## WHAT IS NEEDED
What you return must match the entries exactly, except that the pictures are gone.

## SUPPLIED RECORDS
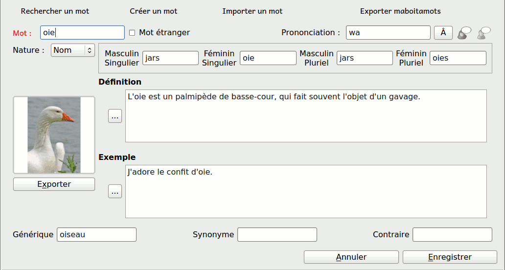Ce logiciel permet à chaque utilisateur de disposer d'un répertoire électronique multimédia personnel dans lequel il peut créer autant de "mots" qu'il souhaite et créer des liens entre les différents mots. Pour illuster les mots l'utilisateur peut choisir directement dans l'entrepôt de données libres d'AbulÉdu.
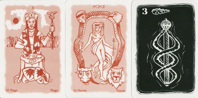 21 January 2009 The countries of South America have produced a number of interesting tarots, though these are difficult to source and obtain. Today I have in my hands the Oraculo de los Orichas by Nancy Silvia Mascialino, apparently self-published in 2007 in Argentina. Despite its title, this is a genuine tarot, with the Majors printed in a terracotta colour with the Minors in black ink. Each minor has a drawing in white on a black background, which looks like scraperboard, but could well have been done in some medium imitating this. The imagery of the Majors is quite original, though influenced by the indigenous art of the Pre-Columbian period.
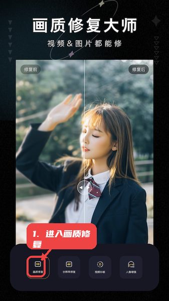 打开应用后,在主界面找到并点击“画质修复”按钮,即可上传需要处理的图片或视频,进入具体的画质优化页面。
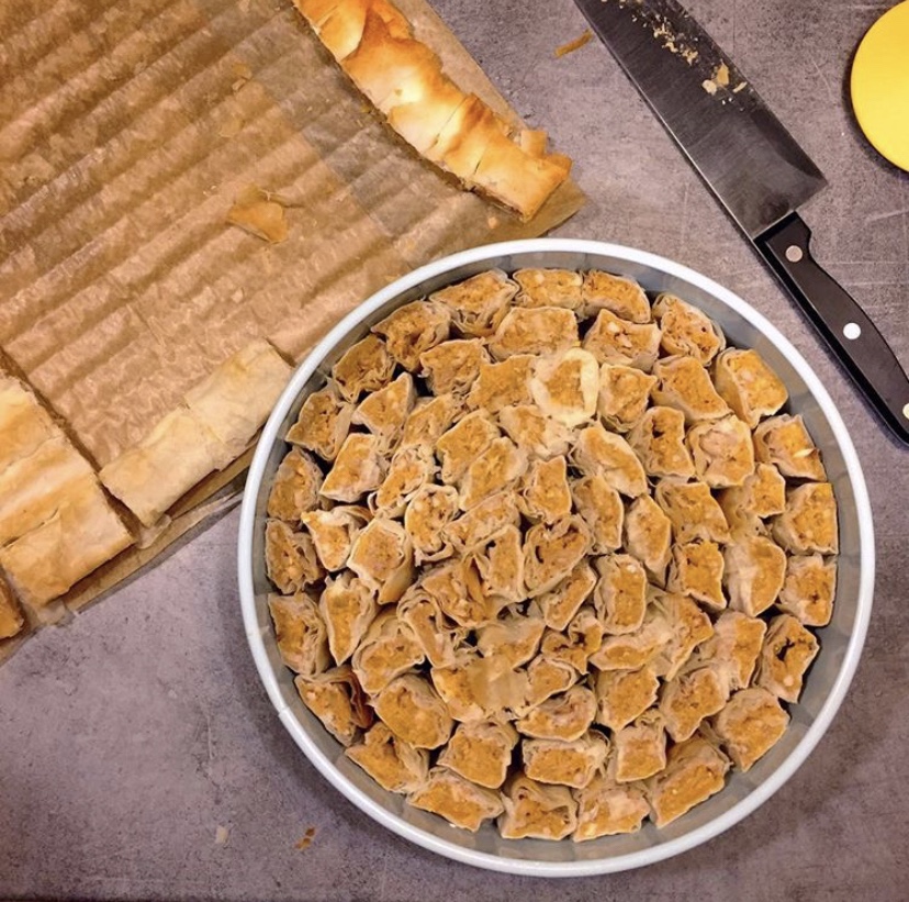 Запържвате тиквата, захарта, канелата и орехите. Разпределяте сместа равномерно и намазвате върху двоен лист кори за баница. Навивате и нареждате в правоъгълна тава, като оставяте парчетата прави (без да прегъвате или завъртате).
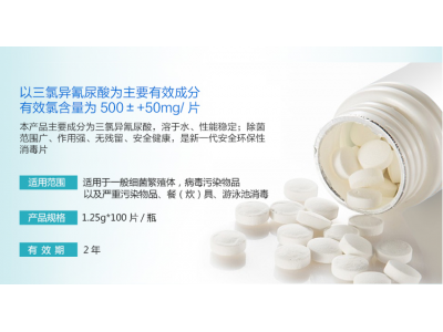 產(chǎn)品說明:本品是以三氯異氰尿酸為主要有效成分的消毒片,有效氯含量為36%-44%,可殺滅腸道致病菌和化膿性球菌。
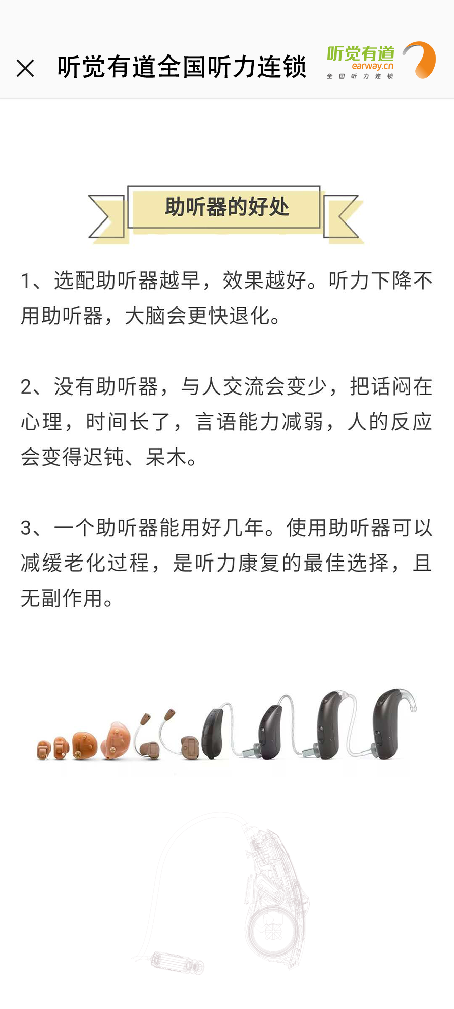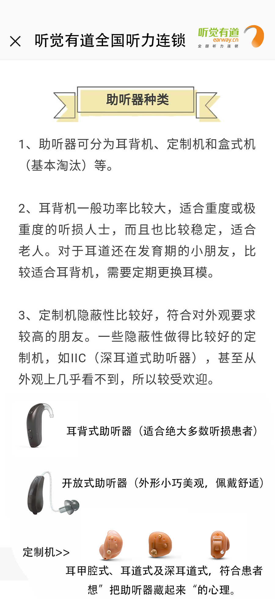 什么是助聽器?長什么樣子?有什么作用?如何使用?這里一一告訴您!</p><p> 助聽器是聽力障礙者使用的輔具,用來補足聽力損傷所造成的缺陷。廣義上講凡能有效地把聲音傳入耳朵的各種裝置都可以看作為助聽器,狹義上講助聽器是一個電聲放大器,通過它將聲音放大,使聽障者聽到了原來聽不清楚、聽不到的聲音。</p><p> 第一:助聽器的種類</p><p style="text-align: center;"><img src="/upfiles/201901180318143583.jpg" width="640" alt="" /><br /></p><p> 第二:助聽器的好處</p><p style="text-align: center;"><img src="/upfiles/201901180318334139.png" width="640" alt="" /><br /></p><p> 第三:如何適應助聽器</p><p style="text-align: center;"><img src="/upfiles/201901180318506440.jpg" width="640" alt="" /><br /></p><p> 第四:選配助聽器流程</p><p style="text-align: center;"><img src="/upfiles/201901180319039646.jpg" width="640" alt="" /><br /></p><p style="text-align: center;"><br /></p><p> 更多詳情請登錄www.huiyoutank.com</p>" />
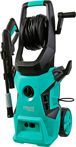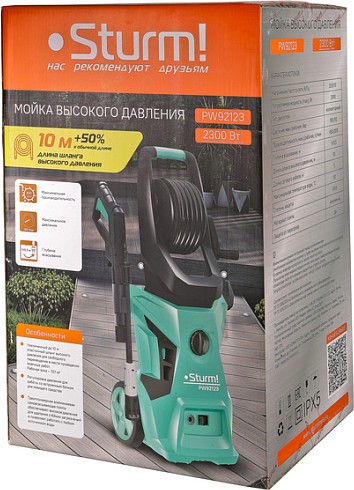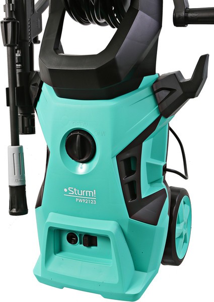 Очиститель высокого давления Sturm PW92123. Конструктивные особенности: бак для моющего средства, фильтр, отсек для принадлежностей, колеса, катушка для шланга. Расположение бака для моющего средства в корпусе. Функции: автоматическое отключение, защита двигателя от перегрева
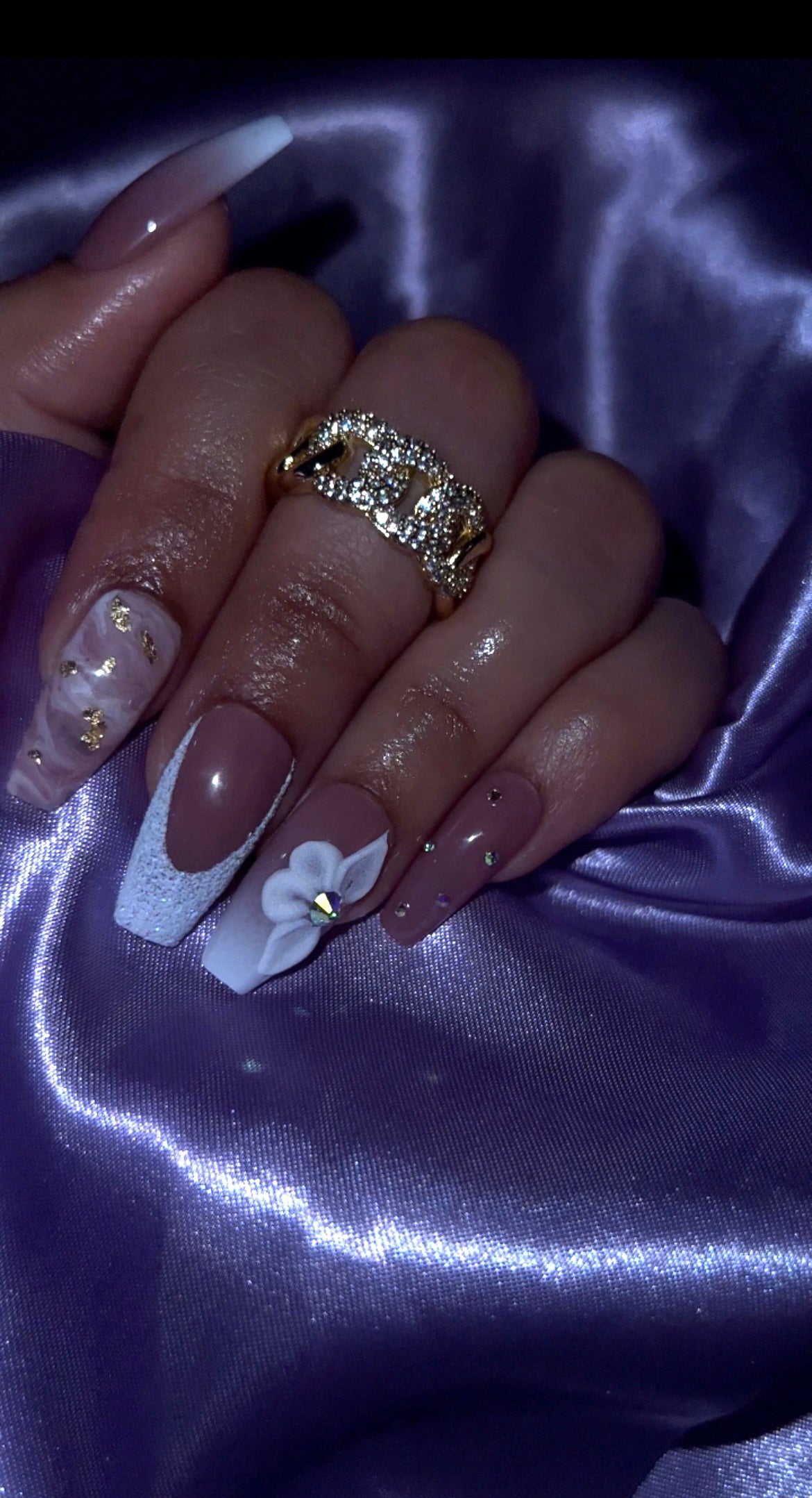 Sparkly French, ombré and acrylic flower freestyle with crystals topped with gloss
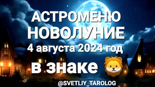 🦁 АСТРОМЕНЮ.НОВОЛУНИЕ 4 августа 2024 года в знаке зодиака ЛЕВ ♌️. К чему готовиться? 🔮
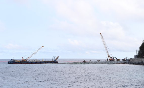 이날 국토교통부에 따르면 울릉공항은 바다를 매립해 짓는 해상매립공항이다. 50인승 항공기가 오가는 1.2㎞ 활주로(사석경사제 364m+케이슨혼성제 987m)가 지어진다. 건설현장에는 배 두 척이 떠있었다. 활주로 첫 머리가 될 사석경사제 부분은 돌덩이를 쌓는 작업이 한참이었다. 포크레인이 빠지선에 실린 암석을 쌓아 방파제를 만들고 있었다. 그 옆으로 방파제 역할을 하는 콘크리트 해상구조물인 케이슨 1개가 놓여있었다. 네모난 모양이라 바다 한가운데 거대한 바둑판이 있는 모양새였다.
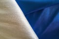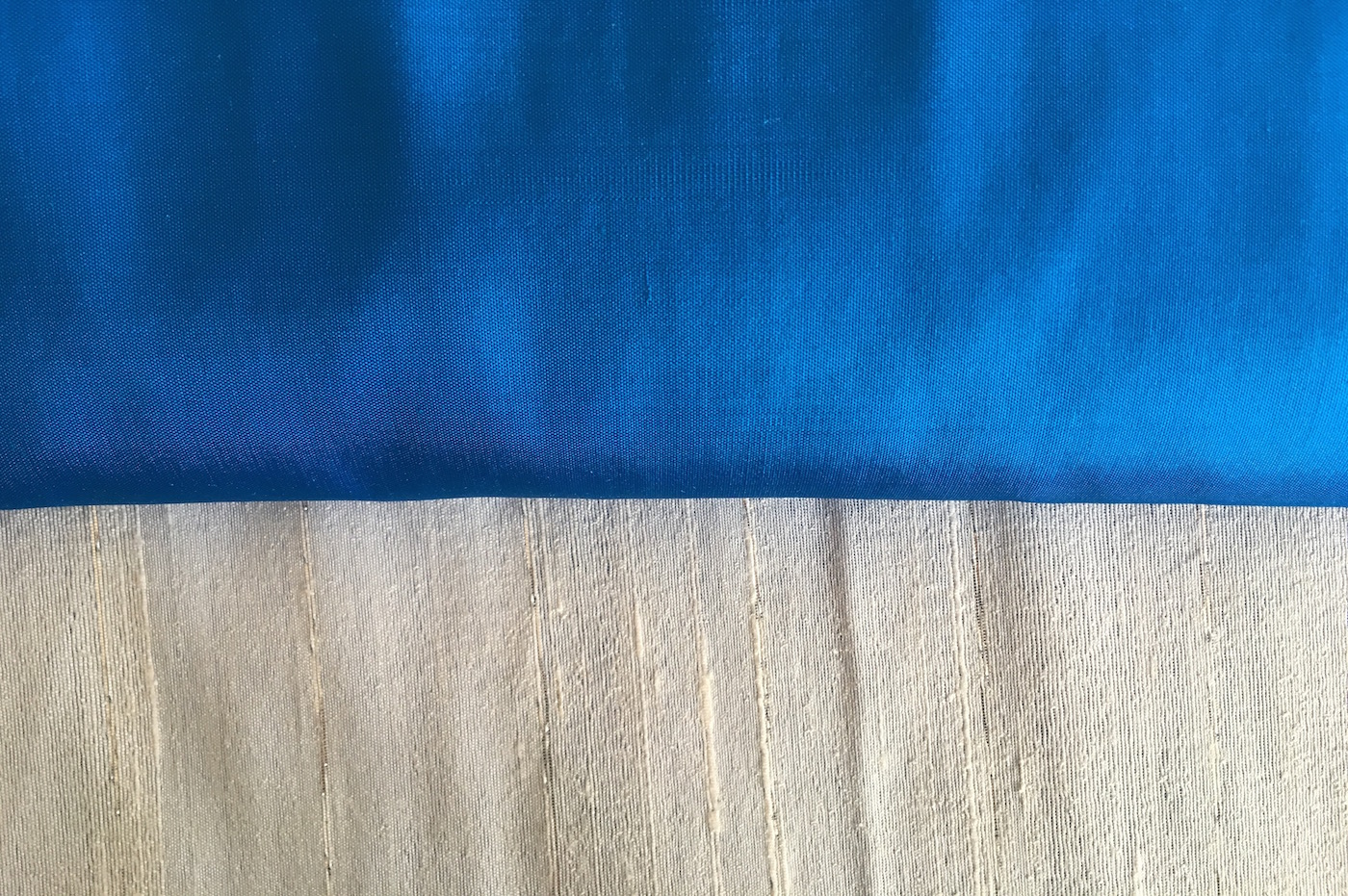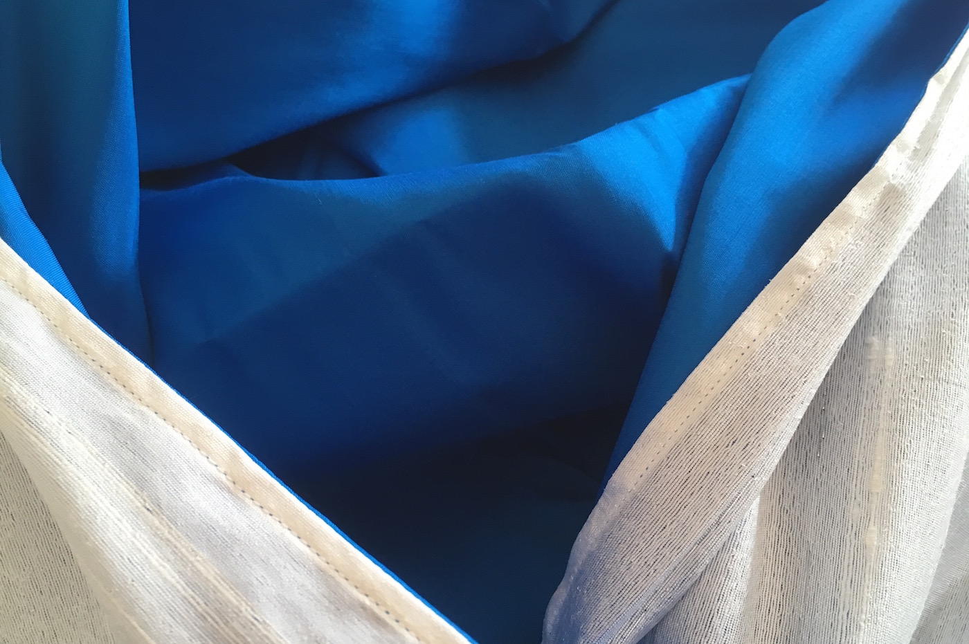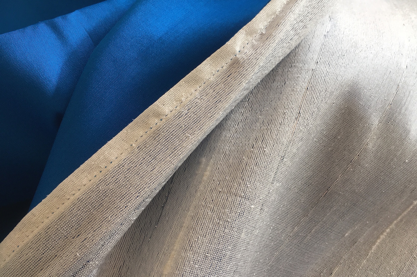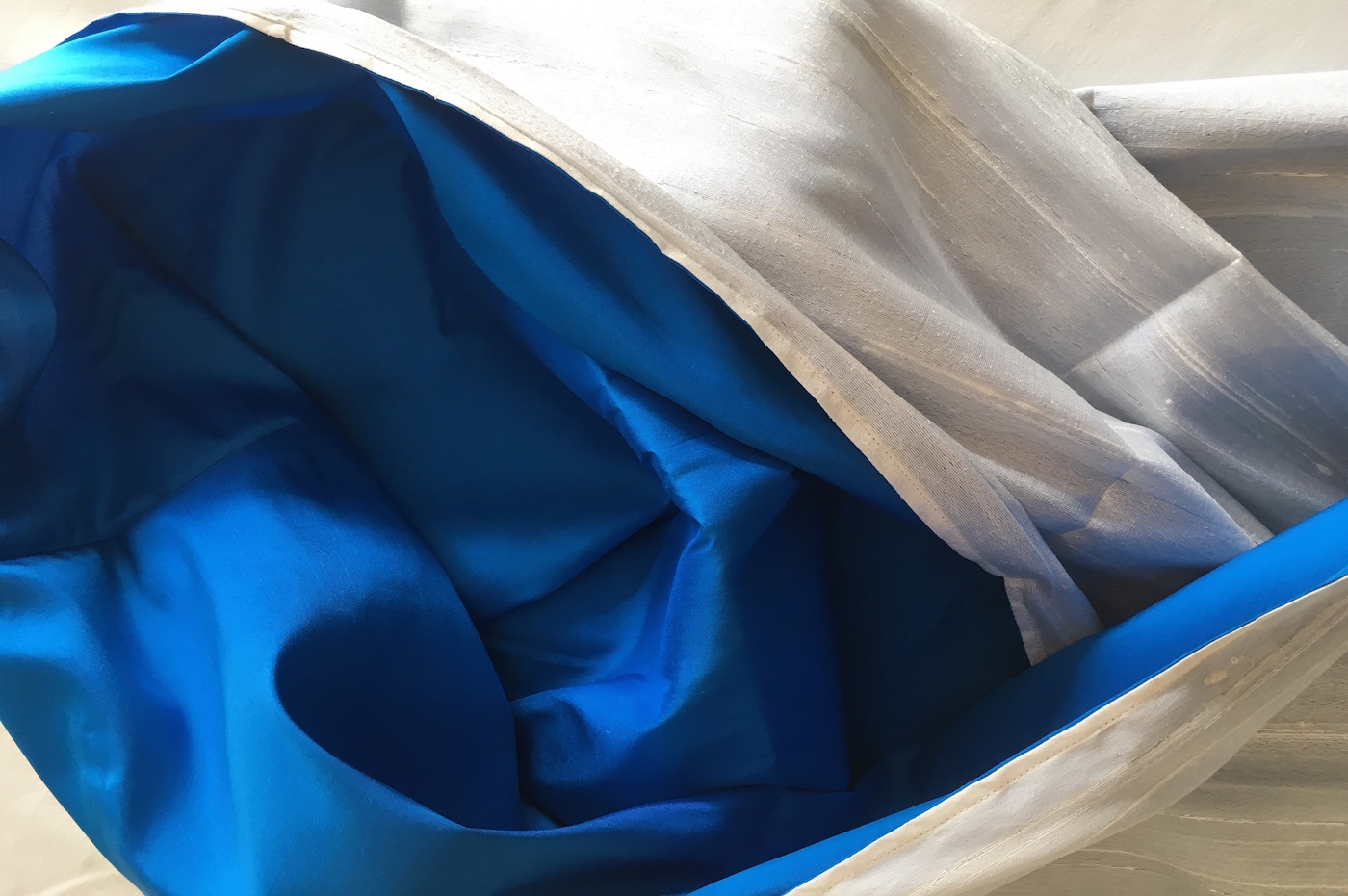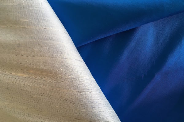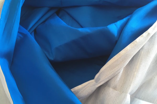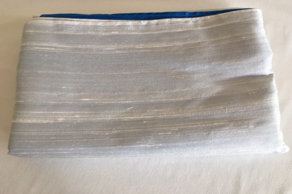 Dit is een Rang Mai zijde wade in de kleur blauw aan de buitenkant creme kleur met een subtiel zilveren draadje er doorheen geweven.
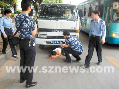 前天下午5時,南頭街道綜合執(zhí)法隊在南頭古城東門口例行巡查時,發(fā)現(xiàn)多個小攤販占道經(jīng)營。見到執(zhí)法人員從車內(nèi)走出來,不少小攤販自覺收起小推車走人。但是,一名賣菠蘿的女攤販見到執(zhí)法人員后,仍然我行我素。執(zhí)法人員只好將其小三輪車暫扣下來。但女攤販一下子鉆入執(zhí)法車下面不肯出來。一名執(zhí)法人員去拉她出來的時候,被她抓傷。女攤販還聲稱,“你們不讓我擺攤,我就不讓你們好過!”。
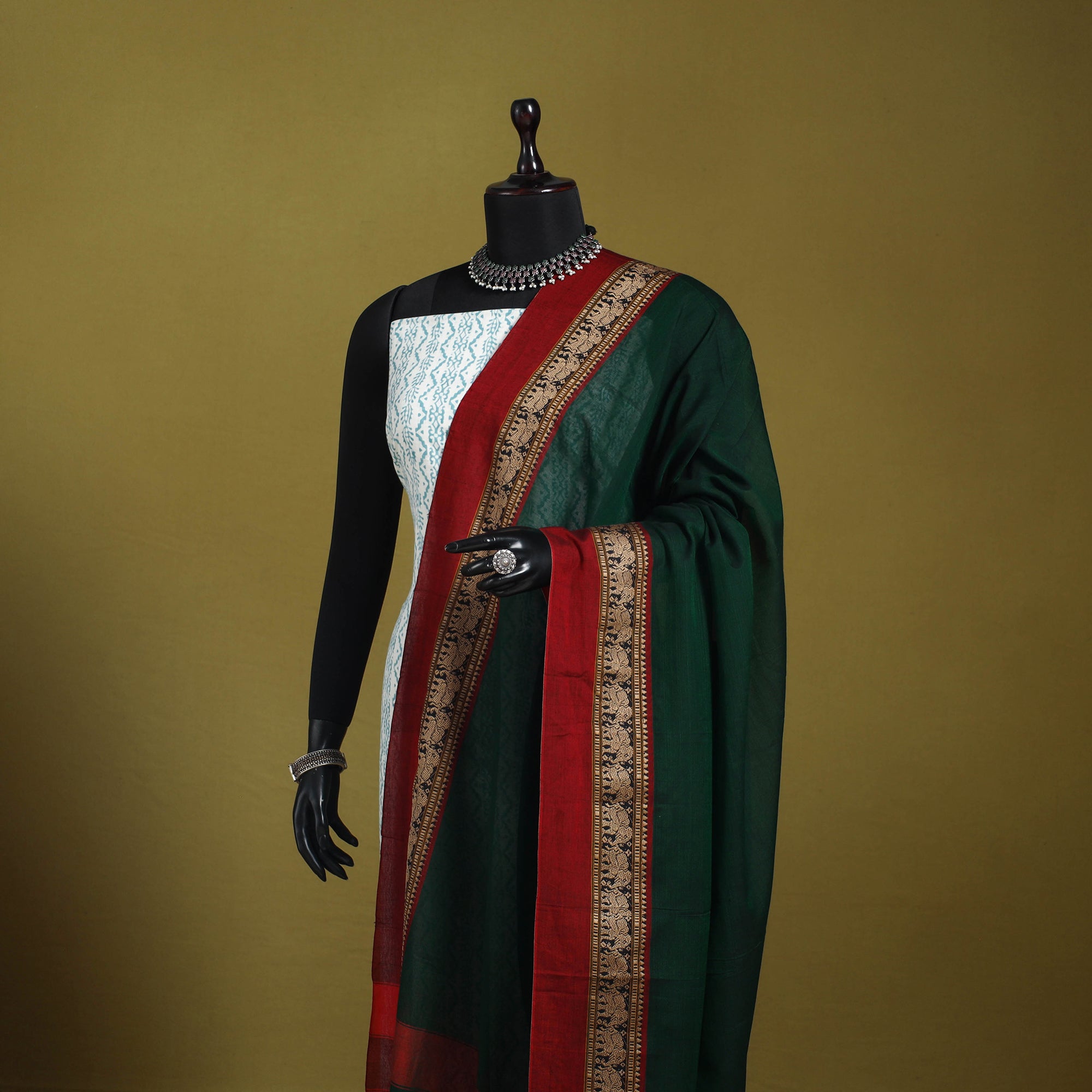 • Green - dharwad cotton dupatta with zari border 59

## RESULT OF THIS EXERCISE
Ce logiciel permet à chaque utilisateur de disposer d'un répertoire électronique multimédia personnel dans lequel il peut créer autant de "mots" qu'il souhaite et créer des liens entre les différents mots. Pour illuster les mots l'utilisateur peut choisir directement dans l'entrepôt de données libres d'AbulÉdu.
 21 January 2009 The countries of South America have produced a number of interesting tarots, though these are difficult to source and obtain. Today I have in my hands the Oraculo de los Orichas by Nancy Silvia Mascialino, apparently self-published in 2007 in Argentina. Despite its title, this is a genuine tarot, with the Majors printed in a terracotta colour with the Minors in black ink. Each minor has a drawing in white on a black background, which looks like scraperboard, but could well have been done in some medium imitating this. The imagery of the Majors is quite original, though influenced by the indigenous art of the Pre-Columbian period.
 打开应用后,在主界面找到并点击“画质修复”按钮,即可上传需要处理的图片或视频,进入具体的画质优化页面。
 Запържвате тиквата, захарта, канелата и орехите. Разпределяте сместа равномерно и намазвате върху двоен лист кори за баница. Навивате и нареждате в правоъгълна тава, като оставяте парчетата прави (без да прегъвате или завъртате).
 產(chǎn)品說明:本品是以三氯異氰尿酸為主要有效成分的消毒片,有效氯含量為36%-44%,可殺滅腸道致病菌和化膿性球菌。
 什么是助聽器?長什么樣子?有什么作用?如何使用?這里一一告訴您!</p><p> 助聽器是聽力障礙者使用的輔具,用來補足聽力損傷所造成的缺陷。廣義上講凡能有效地把聲音傳入耳朵的各種裝置都可以看作為助聽器,狹義上講助聽器是一個電聲放大器,通過它將聲音放大,使聽障者聽到了原來聽不清楚、聽不到的聲音。</p><p> 第一:助聽器的種類</p><p style="text-align: center;"><img src="/upfiles/201901180318143583.jpg" width="640" alt="" /><br /></p><p> 第二:助聽器的好處</p><p style="text-align: center;"><img src="/upfiles/201901180318334139.png" width="640" alt="" /><br /></p><p> 第三:如何適應助聽器</p><p style="text-align: center;"><img src="/upfiles/201901180318506440.jpg" width="640" alt="" /><br /></p><p> 第四:選配助聽器流程</p><p style="text-align: center;"><img src="/upfiles/201901180319039646.jpg" width="640" alt="" /><br /></p><p style="text-align: center;"><br /></p><p> 更多詳情請登錄www.huiyoutank.com</p>" />
 Очиститель высокого давления Sturm PW92123. Конструктивные особенности: бак для моющего средства, фильтр, отсек для принадлежностей, колеса, катушка для шланга. Расположение бака для моющего средства в корпусе. Функции: автоматическое отключение, защита двигателя от перегрева
 Sparkly French, ombré and acrylic flower freestyle with crystals topped with gloss
 🦁 АСТРОМЕНЮ.НОВОЛУНИЕ 4 августа 2024 года в знаке зодиака ЛЕВ ♌️. К чему готовиться? 🔮
 이날 국토교통부에 따르면 울릉공항은 바다를 매립해 짓는 해상매립공항이다. 50인승 항공기가 오가는 1.2㎞ 활주로(사석경사제 364m+케이슨혼성제 987m)가 지어진다. 건설현장에는 배 두 척이 떠있었다. 활주로 첫 머리가 될 사석경사제 부분은 돌덩이를 쌓는 작업이 한참이었다. 포크레인이 빠지선에 실린 암석을 쌓아 방파제를 만들고 있었다. 그 옆으로 방파제 역할을 하는 콘크리트 해상구조물인 케이슨 1개가 놓여있었다. 네모난 모양이라 바다 한가운데 거대한 바둑판이 있는 모양새였다.
 Dit is een Rang Mai zijde wade in de kleur blauw aan de buitenkant creme kleur met een subtiel zilveren draadje er doorheen geweven.
 前天下午5時,南頭街道綜合執(zhí)法隊在南頭古城東門口例行巡查時,發(fā)現(xiàn)多個小攤販占道經(jīng)營。見到執(zhí)法人員從車內(nèi)走出來,不少小攤販自覺收起小推車走人。但是,一名賣菠蘿的女攤販見到執(zhí)法人員后,仍然我行我素。執(zhí)法人員只好將其小三輪車暫扣下來。但女攤販一下子鉆入執(zhí)法車下面不肯出來。一名執(zhí)法人員去拉她出來的時候,被她抓傷。女攤販還聲稱,“你們不讓我擺攤,我就不讓你們好過!”。
 • Green - dharwad cotton dupatta with zari border 59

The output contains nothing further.